Grocery bills rise as debt climbs: a timely snapshot
As inflation keeps pressure on household budgets, a new Urban Institute study sheds light on a shift in spending habits at the grocery store. The five-year stretch shows food costs climbing sharply, and a growing share of households are relying on credit cards to cover everyday purchases.
Released this week, the report traces the path from sticker shock to plastic payment, painting a picture of a consumer landscape where more americans relying credit are faced with tougher choices at checkout. The data come as consumers and policymakers monitor the trajectory of inflation amid a complex mix of supply-chain dynamics and global market forces.
Key findings for 2020s grocery shoppers
The study highlights several striking numbers that help explain the current strain on budgets. Over the last five years, overall food costs rose by about 32%, a pace that far outstrips wage gains for many households. In practical terms, that means a typical grocery trip now costs significantly more than it did just a few years ago.
In a troubling signal of financial distress, the report notes that a majority of working-age adults charged groceries to credit cards last year. Specifically, roughly two-thirds (63.2%) of adults aged 18-64 used plastic to pay for groceries at least once in the previous year.
Another worrisome trend: between 2023 and 2025, the share of people who charged groceries to credit cards and did not make the minimum payment rose, indicating that more households are juggling debt with limited relief in sight. In plain terms, higher prices are turning into higher debt, creating a cascading squeeze on monthly budgets.
Why groceries are getting pricier—and why it matters
Experts point to a mix of factors keeping grocery prices stuck elevated. Persistent supply-chain strains, shifts in commodity markets, and global trade tensions are cited as recurring headwinds. Even as gas prices swing up and down, food costs have remained a stubborn piece of the inflation puzzle.

Officials and economists note that the effect is not uniform. Lower- and middle-income households tend to feel the bite first, while families with limited savings or irregular paycheck cycles face the most competition for every dollar. The study frames this as a broader affordability challenge rather than a temporary spike.
What this means for households today
The practical impact is clear at the checkout line. Many families are trading down in product choices, altering brand preferences, or buying smaller quantities to stretch a paycheck. But for a sizable share, those coping strategies run into a debt wall as monthly interest compounds on credit card balances.
“Grocery bills are becoming a primary stress point for households,” the study team said. This sentiment underscores a nationwide pattern: households are asking for more time, more flexibility, and more relief from prices that stay higher for longer than many anticipated.
How policymakers might respond—and what shoppers can watch
Analysts argue that the data strengthen the case for targeted relief focused on essential goods and consumer protection in debt markets. Potential policy options include expanding affordability programs, enhancing food-assistance outreach for low- to middle-income families, and encouraging competition in the grocery and credit-card sectors to help curb price pressures.
For households, the practical playbook remains cautious budgeting and debt awareness. Financial counselors say households should monitor credit utilization and set explicit caps on grocery spending to avoid debt spirals, especially when minimum payments are not being met regularly.
Takeaways and the road ahead
- Food costs have surged about 32% over the past five years, placing a heavier burden on household budgets.
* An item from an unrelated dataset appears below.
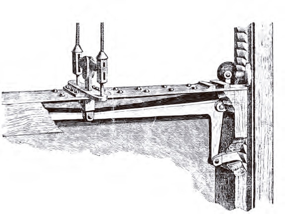 The pawls were also made of “heavy iron,” and, when “forced. . . into contact with the safety ratchets” were “capable of sustaining the entire weight of the car” and its load. Because the ratchet teeth were spaced at 3-in. intervals, Otis also described this safety as “a mechanical device for reducing to 3 in. the distance which it is possible for the car at any time to fall, in case of breaking of the lifting ropes.” In the early 1870s, Otis produced a perspective drawing that illustrated the safety’s various components (Figure 4).

- 63.2% of working-age Americans charged groceries to credit cards in the last year, signaling widespread reliance on plastic for daily needs.
- From 2023 to 2025, the share of people who charged groceries and skipped minimum payments rose, suggesting rising financial distress.
- Inflation dynamics, supply chains, and geopolitical factors are likely to keep grocery prices elevated into the near term.
Bottom line: the trend in focus
As markets digest this week’s inflation data and households adjust to stubborn price pressures, the story remains clear: more americans relying credit to cover groceries is shaping the broader consumer debt landscape. The Urban Institute findings provide a real-time lens on how price growth and debt risk intersect at the grocery store, with implications for families, lenders, and policymakers alike.
With inflation still hovering near the headlines, a sustained period of affordability relief will depend on a mix of wage growth, policy choices, and the global environment. For now, the data paint a portrait of households navigating higher costs with credit as a bridge—and a risk that debt levels could climb if economic conditions don’t improve.